## THE PROBLEM
In the material below, find the line containing "Veľké EVA kolesá" and the line containing "This ride on". Output those two lines and all lines between them exactly, without pictures.

## DATA TO PROCESS

• • •

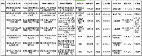 名单显示,3批次的休闲食品因检出乙酰磺胺酸钾(安赛蜜)被通报。分别为福建省福州市鼓楼区百园食品店销售的标称福建省永泰县玉井坊食品有限公司生产的脆梅、福建省福州家乐福商业有限公司宝龙店销售的标称福建省永泰县玉井坊食品有限公司生产的青口梅,云南省保山市大尔多商贸有限公司销售的标称腾冲县元兴果品实业有限公司生产的话梅,
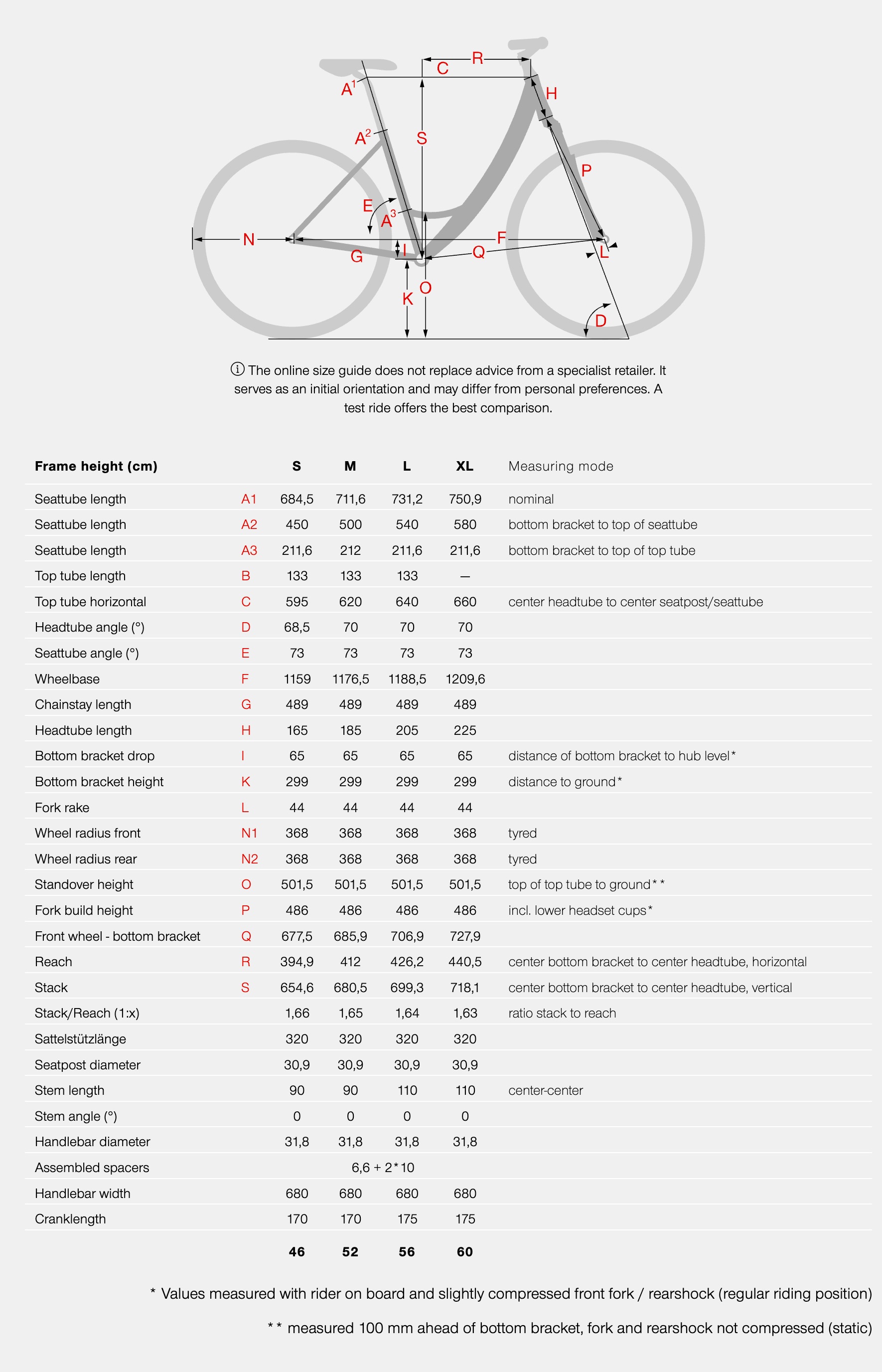 BIKE SIZE CHART
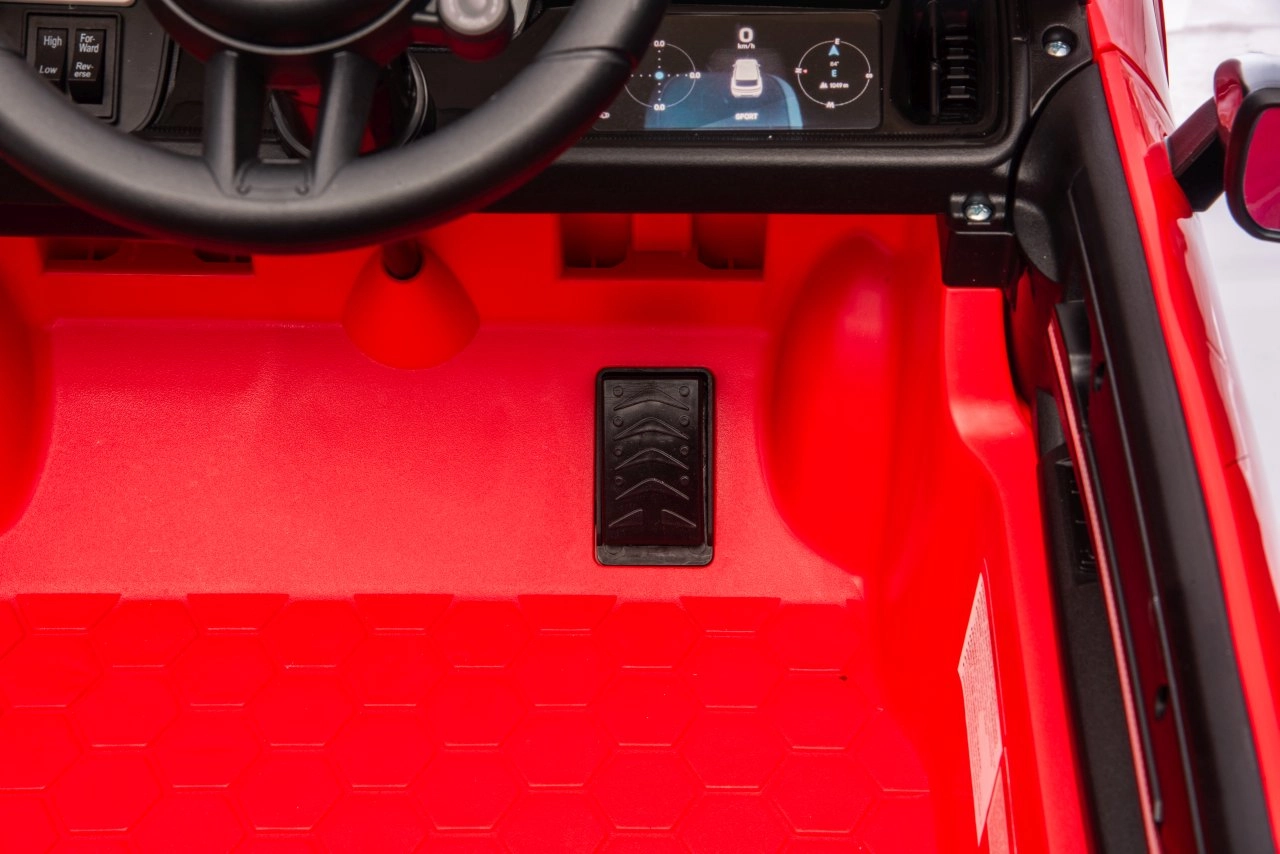 Veľké EVA kolesá a predné aj zadné odpruženie si poradia s nerovnosťami, zatiaľ čo predné LED svetlá a otváracie dvere podčiarknu realistický vzhľad. Diaľkový ovládač 2,4 GHz s 3 rýchlosťami a bezpečnostným tlačidlom Stop umožní rodičom mať všetko pod kontrolou.
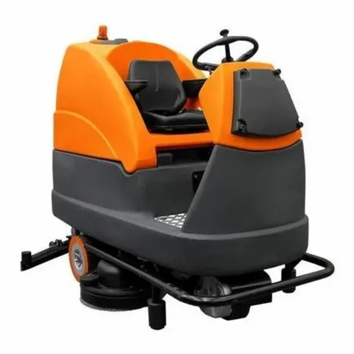 This ride on scrubber features a 17-inch brush diameter, 165 rpm brush speed, and a 75 L water tank. Constructed from stainless steel, it operates on battery power for up to 5 hours.
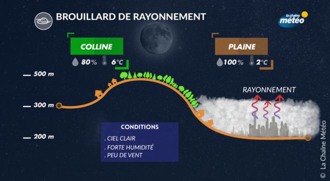 Enfin, la bonne nouvelle avec cette situation anticyclonique est le beau temps assuré à la montagne. Sans être obligé de monter très haut, les reliefs qui dépassent sont au-dessus des brouillards et des stratus, ces nuages bas qui peuvent avoir une épaisseur de 300 à 500 m. Les collines ardennaises et du Morvan peuvent donc émerger au-dessus de cette mer de nuages, offrant de somptueux panoramas. Bien souvent, étant donné l'air doux présent au-dessus de l'anticyclone, les températures sont plus douces en altitude que sous les brouillards des plaines : on assiste parfois à de curieuses inversions thermiques. En contrepartie, le temps reste sec et ne permet pas le passage des perturbations : dans ces conditions, il ne faut pas espérer le retour de la neige en montagne.
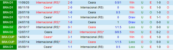 Trong một tháng trở lại đây, Internacional được xem là “con gà đẻ trứng vàng” với các nhà đầu tư. Cụ thể, họ đã thắng kèo cả 4 trận đã đá gần nhất. Rộng hơn, Internacional chỉ thua kèo 2 trong số 9 trận mới đây. Trước Ceara, Internacional cũng tạo được cảm giác an toàn khi thua kèo có 2 lần trong số 7 trận đối đầu vừa qua. Chọn Internacional.
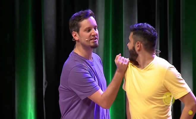 Regra: Os jogadores irão começar uma cena, e quando o mestre de cerimônias mandar, deverão avançar ou recuar a cena, representando todas as falas e movimentos como nas teclas de avançar e recuar do controle remoto.
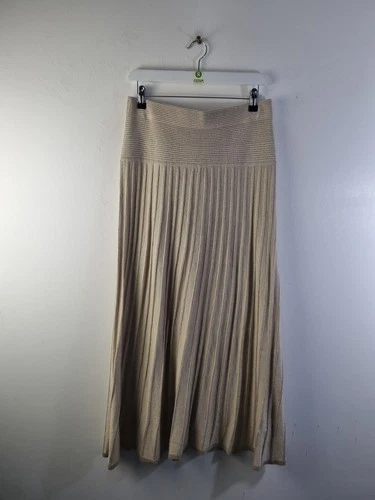 M&S Women's Knitted Long Skirt Size L Beige Glitter NEW
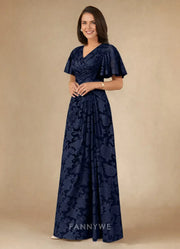 V - Neck Flutter Sleeve Floral Jacquard Mother of the Bride Dress. Occasions: Prom, black tie events, formal weddings, and upscale parties.
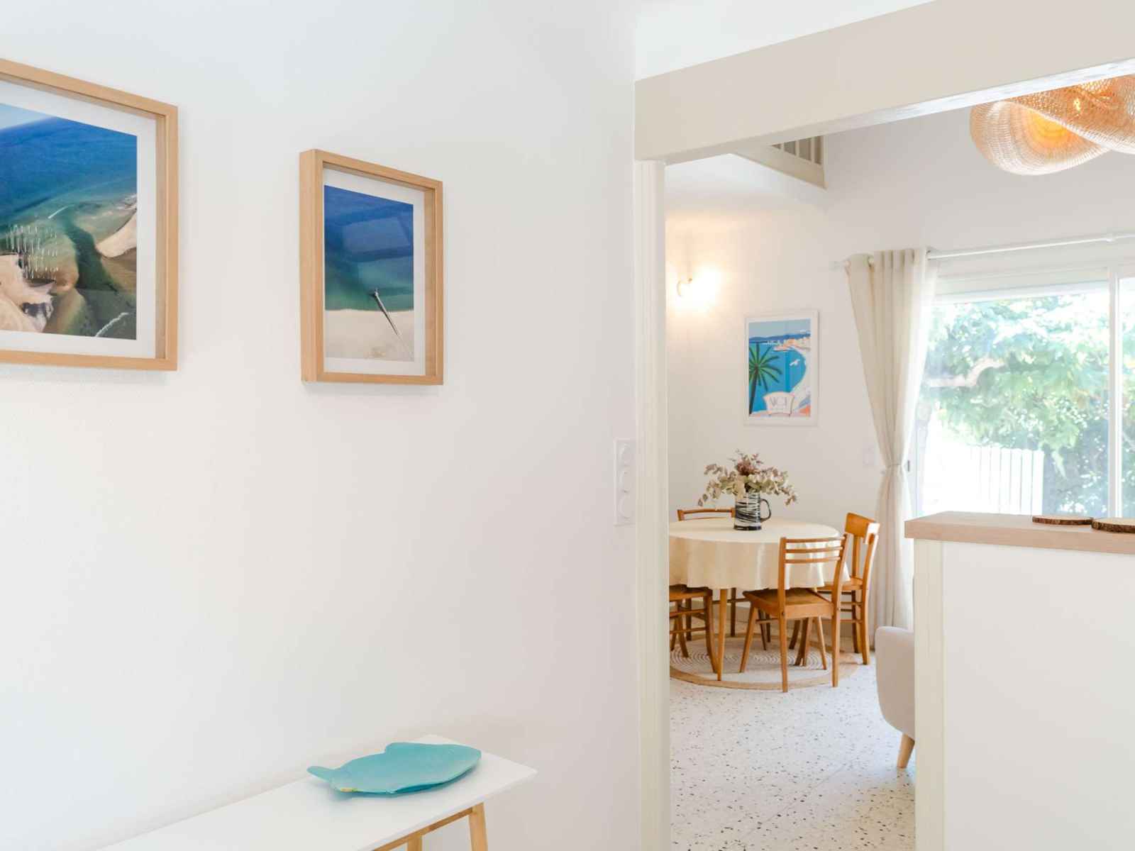 L'entrée se fait à l'arrière de la maison par une cuisine ouverte sur le salon, très bien équipée (réfrigérateur avec compartiment congélateur, lave-vaisselle, four, micro-ondes, cafetière classique et Nespresso, plaque induction 3 feux, hotte aspirante, bouilloire). Le salon climatisé comprend une table ronde pour 4 personnes, un canapé pour 2 personnes et TV (chaines françaises), avec accès à la terrasse située devant la maison.
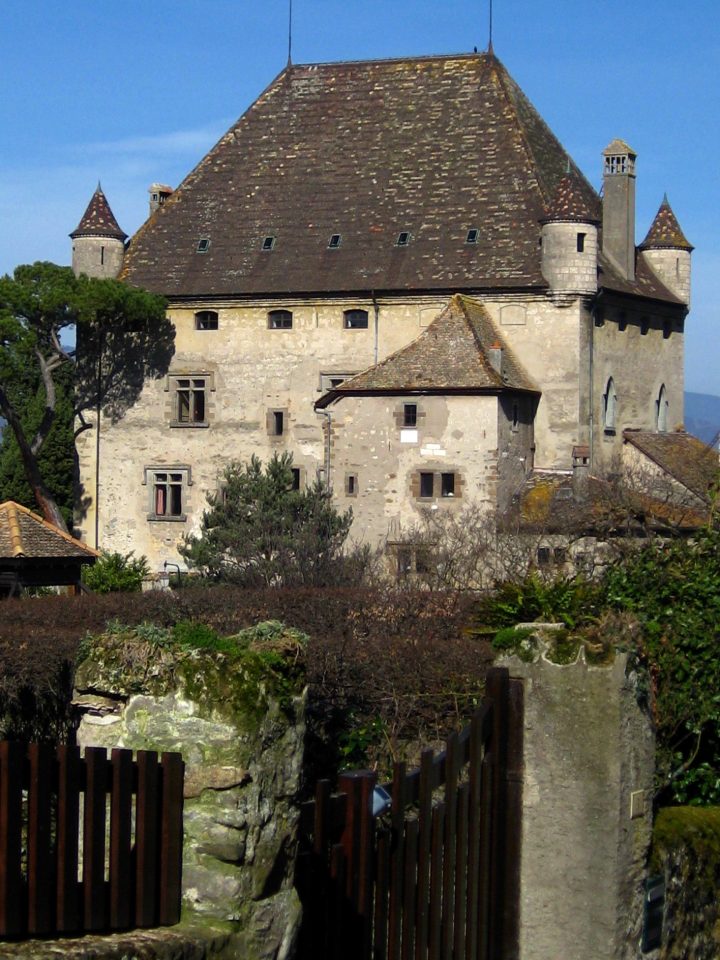 Château d’Yvoire – built in the 14th century by Comte Amédée V Le Grand, the castle was ravaged by fire in 1591, and it remained uninhabited until it was rebuilt as we see it today in the 20th century. Félix Bouvier d’Yvoire undertook several interior and exterior renovations, including the building of the roof and the corner watchtowers in 1939.

• • •

## COMPLETED TASK
 Veľké EVA kolesá a predné aj zadné odpruženie si poradia s nerovnosťami, zatiaľ čo predné LED svetlá a otváracie dvere podčiarknu realistický vzhľad. Diaľkový ovládač 2,4 GHz s 3 rýchlosťami a bezpečnostným tlačidlom Stop umožní rodičom mať všetko pod kontrolou.
 This ride on scrubber features a 17-inch brush diameter, 165 rpm brush speed, and a 75 L water tank. Constructed from stainless steel, it operates on battery power for up to 5 hours.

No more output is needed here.